Exercise goal: Using the records below, transcribe word for word the stretch from the line that contains "ПРИКАЗ Минюста РФ от 29.09.2017 N 186" through the line that contains "Regenboogweg 100 is", both end lines included, and nothing else.

Dataset extract:
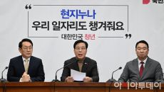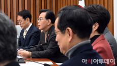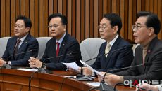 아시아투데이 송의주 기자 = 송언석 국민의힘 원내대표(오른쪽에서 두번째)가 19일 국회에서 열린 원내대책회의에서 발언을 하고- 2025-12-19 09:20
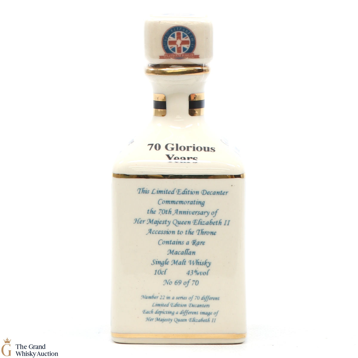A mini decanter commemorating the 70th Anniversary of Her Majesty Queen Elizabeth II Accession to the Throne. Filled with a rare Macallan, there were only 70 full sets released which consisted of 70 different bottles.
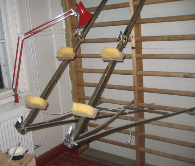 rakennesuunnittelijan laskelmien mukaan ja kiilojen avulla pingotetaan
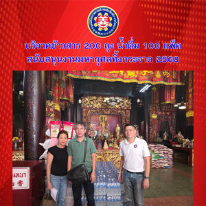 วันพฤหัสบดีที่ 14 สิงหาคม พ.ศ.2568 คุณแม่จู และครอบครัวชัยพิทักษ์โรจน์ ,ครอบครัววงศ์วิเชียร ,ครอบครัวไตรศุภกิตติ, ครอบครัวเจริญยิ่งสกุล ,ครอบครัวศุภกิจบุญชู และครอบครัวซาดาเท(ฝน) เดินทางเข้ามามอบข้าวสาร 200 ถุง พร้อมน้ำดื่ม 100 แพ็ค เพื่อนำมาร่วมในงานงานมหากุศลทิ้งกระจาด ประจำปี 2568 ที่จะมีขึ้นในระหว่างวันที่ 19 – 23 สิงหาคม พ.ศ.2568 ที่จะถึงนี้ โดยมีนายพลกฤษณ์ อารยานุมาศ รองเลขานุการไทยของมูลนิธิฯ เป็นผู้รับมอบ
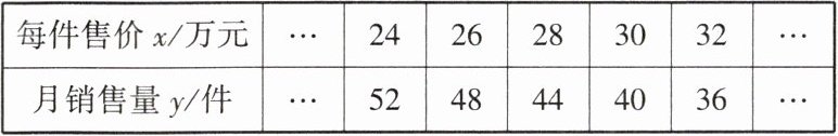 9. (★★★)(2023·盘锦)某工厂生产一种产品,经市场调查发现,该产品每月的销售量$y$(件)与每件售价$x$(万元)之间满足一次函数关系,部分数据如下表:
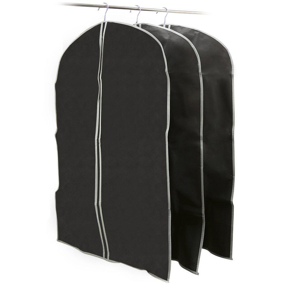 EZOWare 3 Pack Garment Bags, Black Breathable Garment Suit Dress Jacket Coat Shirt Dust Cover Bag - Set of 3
--
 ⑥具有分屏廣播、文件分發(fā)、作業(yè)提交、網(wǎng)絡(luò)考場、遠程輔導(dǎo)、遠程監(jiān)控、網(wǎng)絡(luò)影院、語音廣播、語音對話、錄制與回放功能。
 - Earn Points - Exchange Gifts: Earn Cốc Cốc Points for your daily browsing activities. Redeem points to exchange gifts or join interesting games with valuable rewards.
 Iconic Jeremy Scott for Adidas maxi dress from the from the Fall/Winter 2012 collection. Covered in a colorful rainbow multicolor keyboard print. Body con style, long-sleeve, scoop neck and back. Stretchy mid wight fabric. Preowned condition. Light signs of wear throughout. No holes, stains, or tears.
* * *
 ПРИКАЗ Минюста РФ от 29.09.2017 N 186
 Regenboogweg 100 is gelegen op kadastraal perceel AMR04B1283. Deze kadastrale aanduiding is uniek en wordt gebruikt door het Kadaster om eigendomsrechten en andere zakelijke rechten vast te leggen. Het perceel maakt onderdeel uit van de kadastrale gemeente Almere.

Answer for this exercise:
 ПРИКАЗ Минюста РФ от 29.09.2017 N 186
 Regenboogweg 100 is gelegen op kadastraal perceel AMR04B1283. Deze kadastrale aanduiding is uniek en wordt gebruikt door het Kadaster om eigendomsrechten en andere zakelijke rechten vast te leggen. Het perceel maakt onderdeel uit van de kadastrale gemeente Almere.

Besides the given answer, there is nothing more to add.